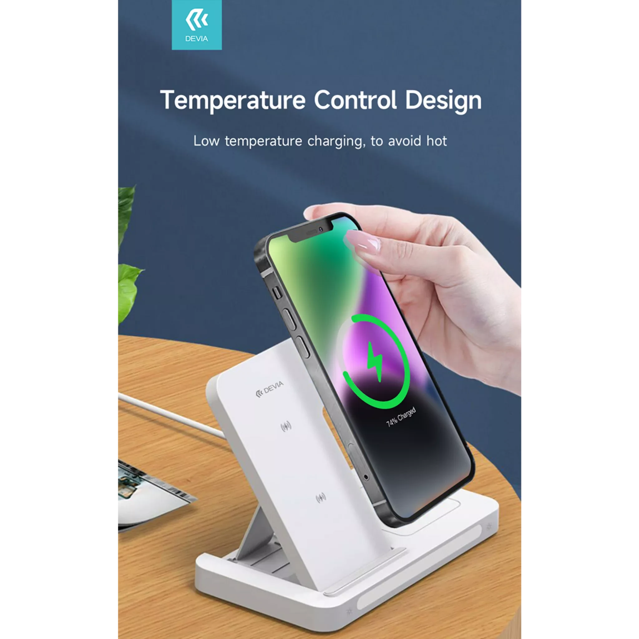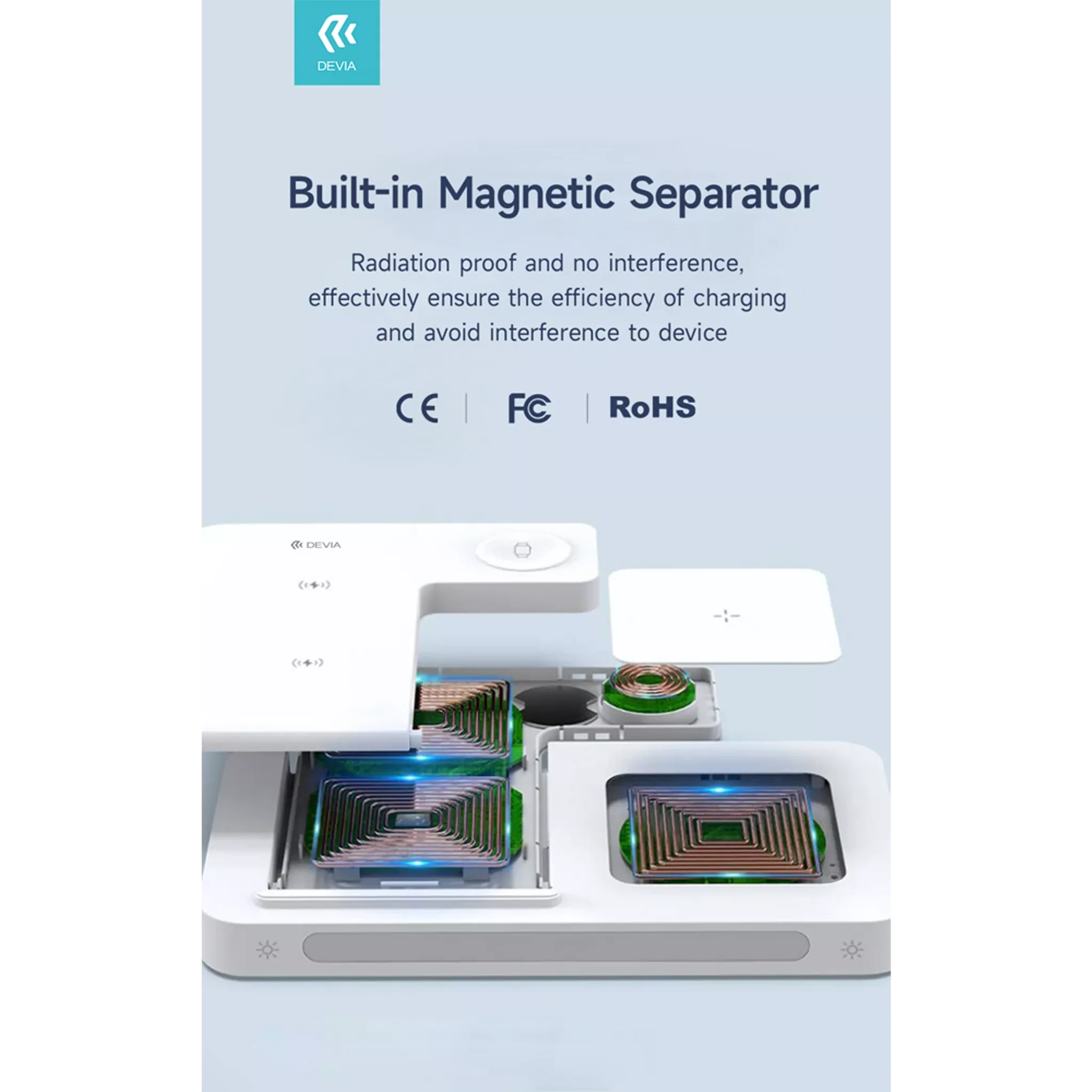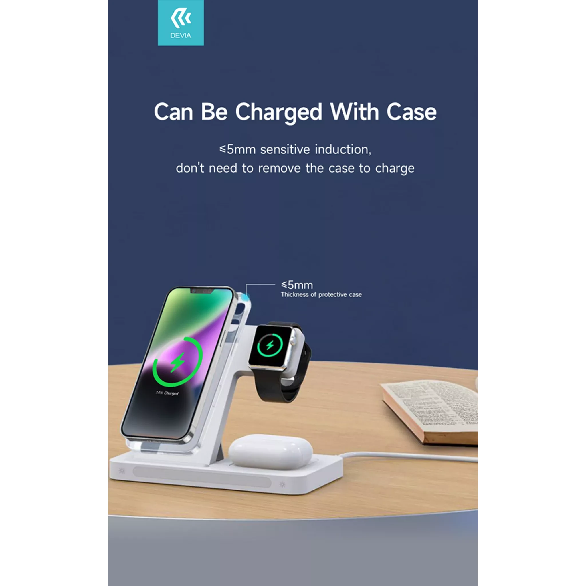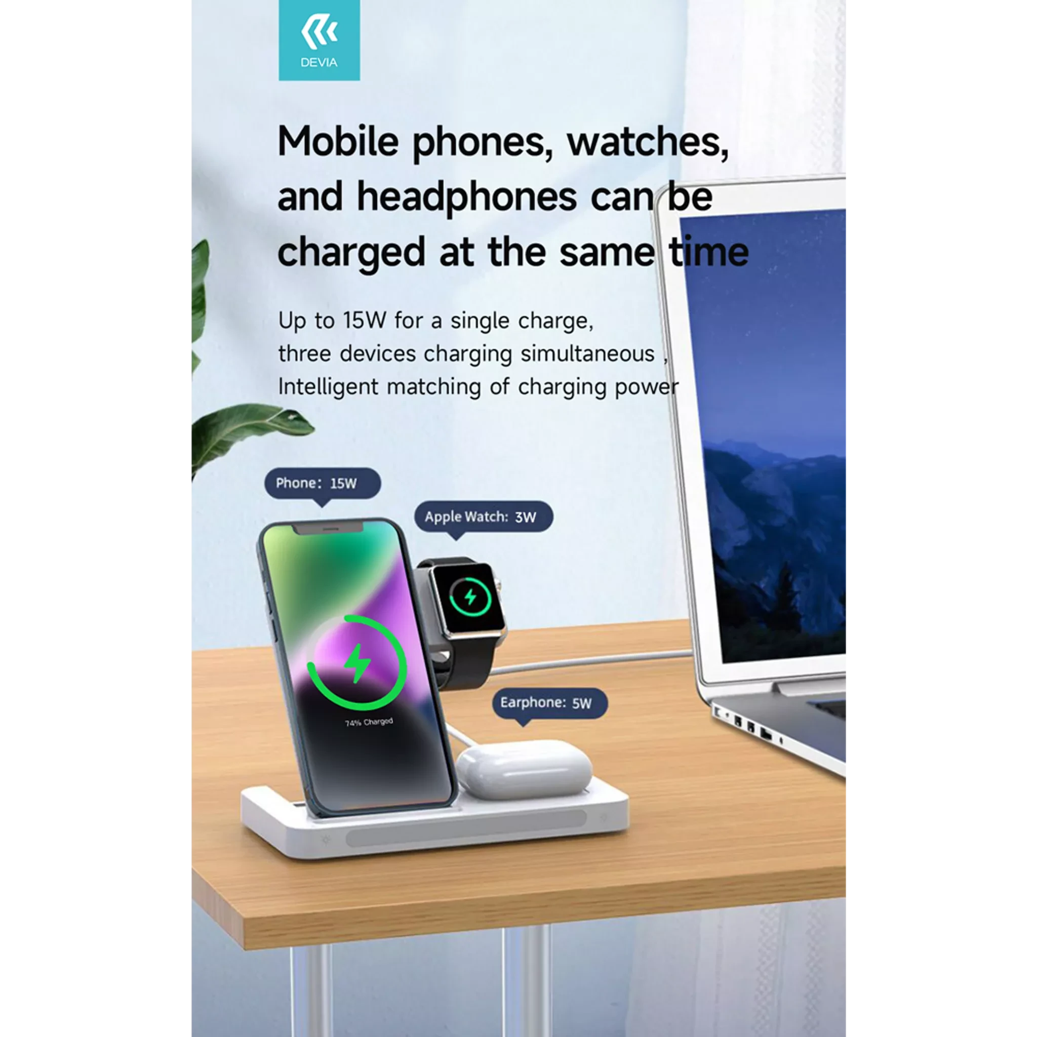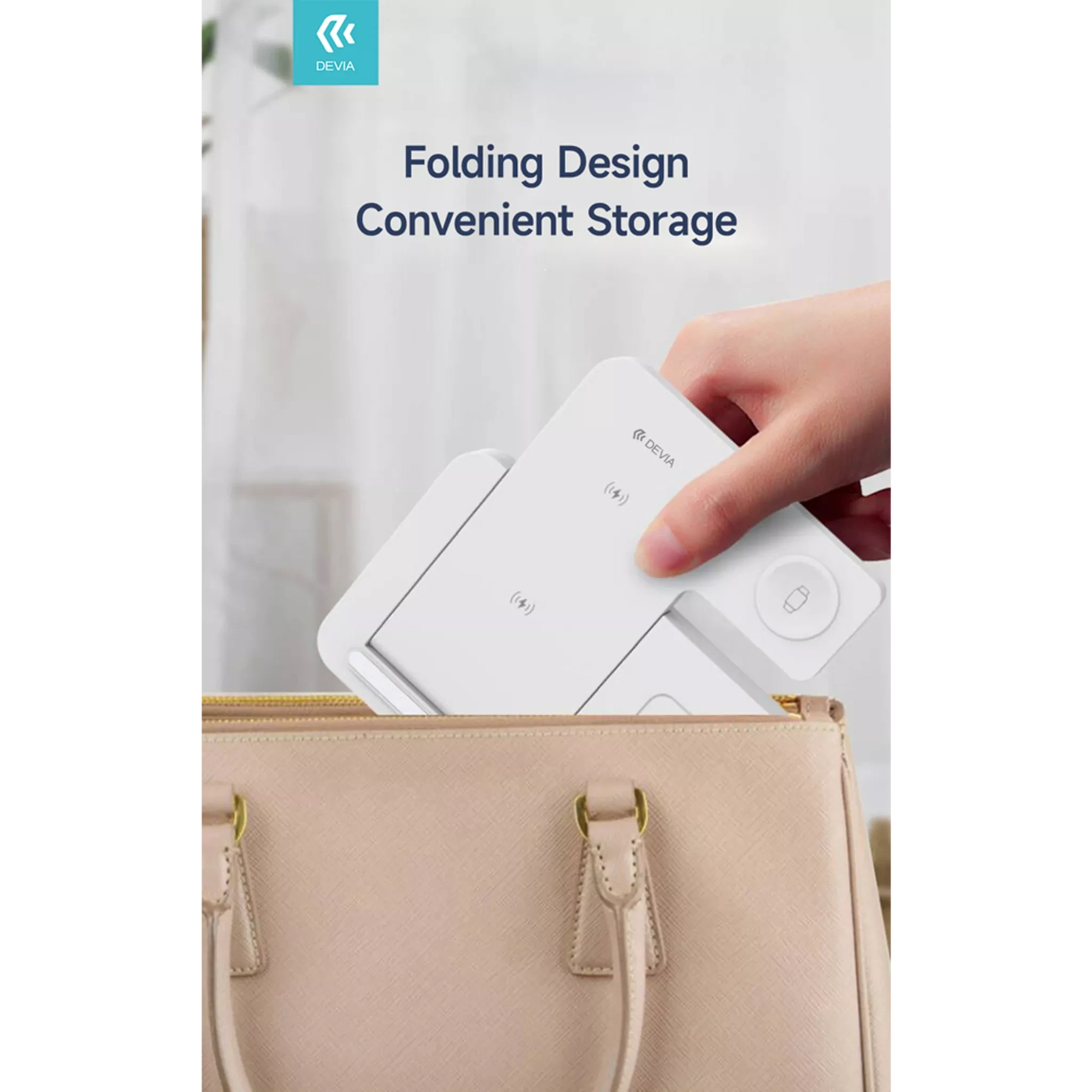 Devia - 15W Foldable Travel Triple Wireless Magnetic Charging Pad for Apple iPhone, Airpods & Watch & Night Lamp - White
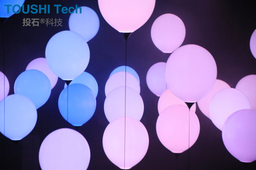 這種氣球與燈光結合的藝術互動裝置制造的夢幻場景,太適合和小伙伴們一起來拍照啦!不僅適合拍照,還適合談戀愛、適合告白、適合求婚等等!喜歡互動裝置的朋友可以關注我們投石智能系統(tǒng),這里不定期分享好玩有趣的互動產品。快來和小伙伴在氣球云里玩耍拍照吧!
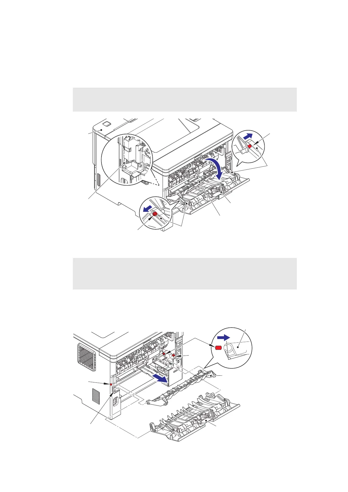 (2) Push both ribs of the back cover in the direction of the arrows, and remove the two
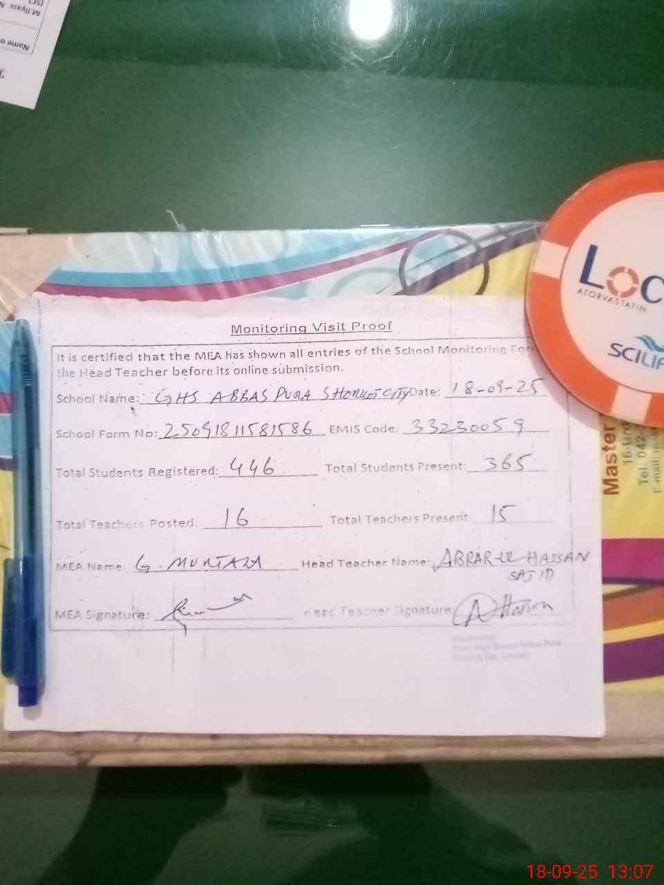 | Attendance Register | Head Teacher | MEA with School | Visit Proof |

== == ==

Exercise
Leave the pictures out. Otherwise, output the listing above exactly.

Finished exercise
 Devia - 15W Foldable Travel Triple Wireless Magnetic Charging Pad for Apple iPhone, Airpods & Watch & Night Lamp - White
 這種氣球與燈光結合的藝術互動裝置制造的夢幻場景,太適合和小伙伴們一起來拍照啦!不僅適合拍照,還適合談戀愛、適合告白、適合求婚等等!喜歡互動裝置的朋友可以關注我們投石智能系統(tǒng),這里不定期分享好玩有趣的互動產品。快來和小伙伴在氣球云里玩耍拍照吧!
 (2) Push both ribs of the back cover in the direction of the arrows, and remove the two
 | Attendance Register | Head Teacher | MEA with School | Visit Proof |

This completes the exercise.